Despite the positive European data, the EUR/USD is struggling below the 1.1650 level because the market is more focused on the United States. The most recent US jobs report for December 2025 showed the economy adding a robust 210,000 jobs, reinforcing the view that the Federal Reserve will keep interest rates higher for longer. This expectation is creating significant demand for the US dollar.
For derivatives traders, this divergence suggests that selling EUR/USD call options with strike prices near 1.1700 could be a prudent short-term strategy to capitalize on the dollar’s strength. Implied volatility on the pair has risen to nearly 8.5% ahead of upcoming Fed speeches, up from an average of 6% in the last quarter of 2025, making option premiums more attractive. This indicates the market is pricing in a higher probability of sharp moves.
The broader market anxiety is visible with Gold holding near its record high of $4,640 per ounce, driven by the same geopolitical tensions we saw flare up in late 2025. This sustained risk-off sentiment suggests that buying protective put options on major equity indices remains a sensible hedge against potential downturns. The VIX index, a key measure of market fear, has been trending up from its 2025 lows, currently sitting just above 18.

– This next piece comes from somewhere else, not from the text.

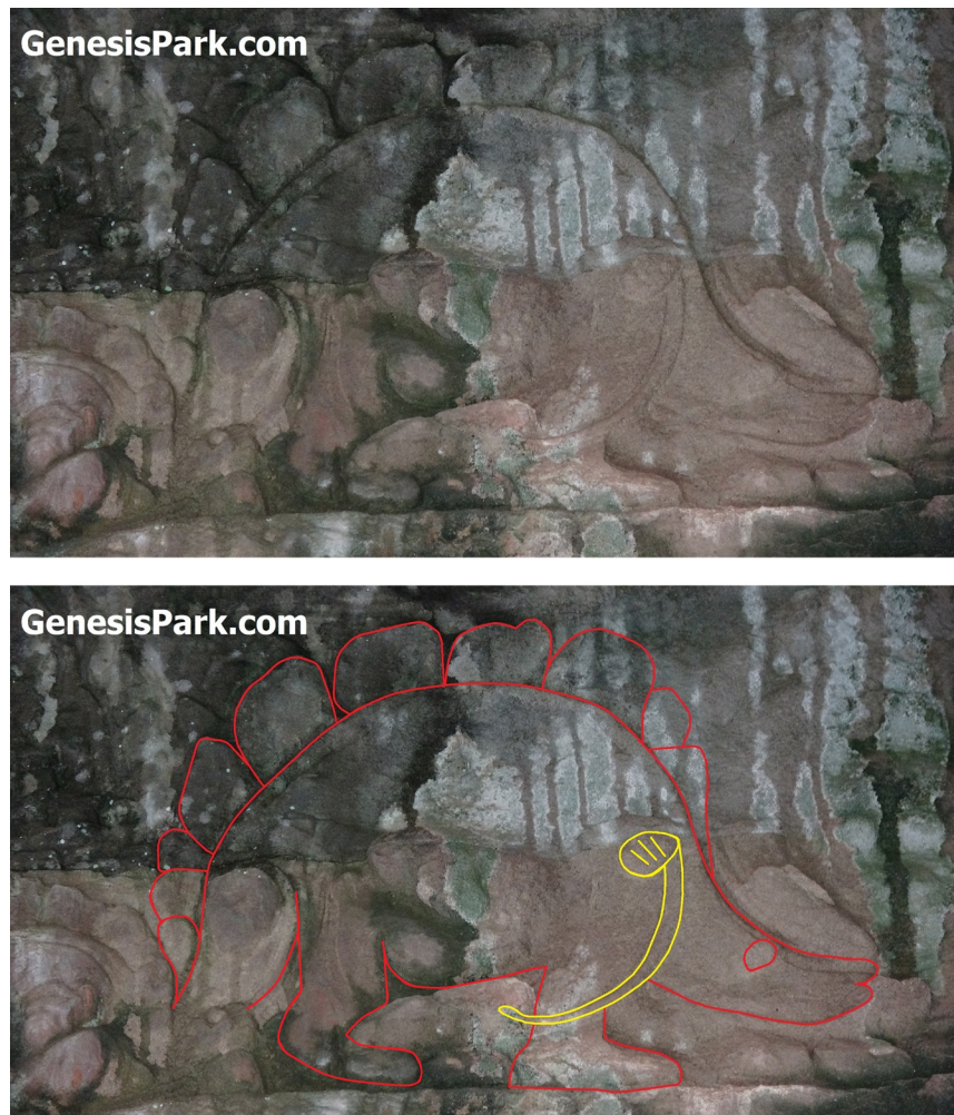
Fig. 16. Second stegosaurus carving (original photo and highlighted).

Again, there is an odd device etched alongside the neck that arrests our attention. In this case, it is shaped like a rope or narrow strap that hangs down and disappears under the animal. I suspect it is a tether for this captive stegosaurus when it was not prepped for public service. Thus, it would seem that this second depiction strengthens the domesticated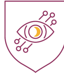
Student Agency and Innovation

Meanwhile, the British Pound holding above 1.3400 against the dollar presents a more nuanced picture, supported by the UK’s own stronger-than-expected GDP growth. Looking back, this is a significant turnaround from the near-recessionary environment of early 2025. Traders could consider volatility plays like strangles on GBP/USD, positioning for a potential breakout if the Bank of England’s policy path continues to diverge from the Fed’s.